Читаем Жизнь и творчество Дмитрия Мережковского полностью

После такой торжественной увертюры вы ожидаете, конечно, что в дальнейшем изложении вам дадут анализ революционной борьбы русского народа с точки зрения этой его «мистической воли» (la volonté mystique), взыскующей града путем «полета» или — что то же — «падения» вверх пятами. Но вы будете жестоко разочарованы. Во всей книге нет ни звука о революционном движении русского народа. Перед читателем проходит длинный ряд русских интеллигентов — предтеч революции, начиная от Новикова и Радищева и кончая Львом Толстым. «Души» их более или менее остроумно интерпретированы в желательном г-ну Мережковскому революционно-мистическом смысле. Но чем ближе к революции, тем труднее такая интерпретация; и как раз те идеологии, которые играли действительно крупную роль в революционном движении русского народа, совсем не подходят под мерку апокалипсической революции. И г-н Мережковский с легким сердцем проходит мимо них, но зато целый ряд страниц посвящает описанию «метафизических крайностей бунта», скрытых под маской обывательщины в душе Василия Васильевича Розанова!

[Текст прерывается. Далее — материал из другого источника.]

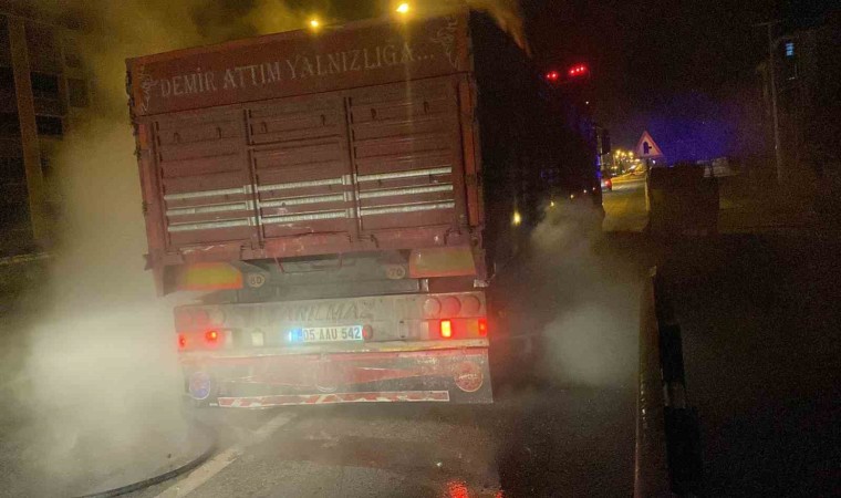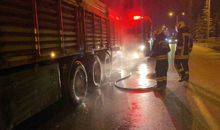 Konya’nın Kulu ilçesinde fren balatalarının ısınması sonucu lastiklerinde yangın çıkan tır, trafikteki diğer sürücülerinin uyarısıyla tamamen yanmaktan son anda kurtarıldı. Sürücünün müdahale ettiği yangın, itfaiye tarafından büyümeden söndürüldü.

Если оставить в стороне эти одинокие светочи, раскрывающие не в действиях, а в своих индивидуальных чаяниях «мистическую первооснову русской души», то, по-видимому, эта последняя вообще решительно ни в чем не проявляется. — Среди более или менее оформленных массовых течений русской мысли и жизни только одно декадентство обратило на себя благосклонное внимание нашего мистического истолкователя революций. Правда, и декадентство далеко еще не то, что нужно: «декаденты совсем ушли из общественности в последнее одиночество, зарылись в подземную тьму и тишь, спустились в страшное „подполье“ Достоевского».[37] Но Мережковский думает, что это временное уклонение, обусловленное той «слишком дорогой ценой», которой декаденты купили «свободу искусства». В будущем они естественно перейдут от «религии искусства» к настоящей религии, к христианству 3-го Завета, а вместе с тем перед ними раскроется путь к массе народной. Тогда-то из слияния декадентской «плоти» и народного «духа», присущей декадентам европейской культуры и мистической воли русского народа, возникнет революционно-христианская общественность. Двумя анекдотами пытается г-н Мережковский доказать, что такая тяга декадентов к народу и народа к декадентам уже имеется налицо.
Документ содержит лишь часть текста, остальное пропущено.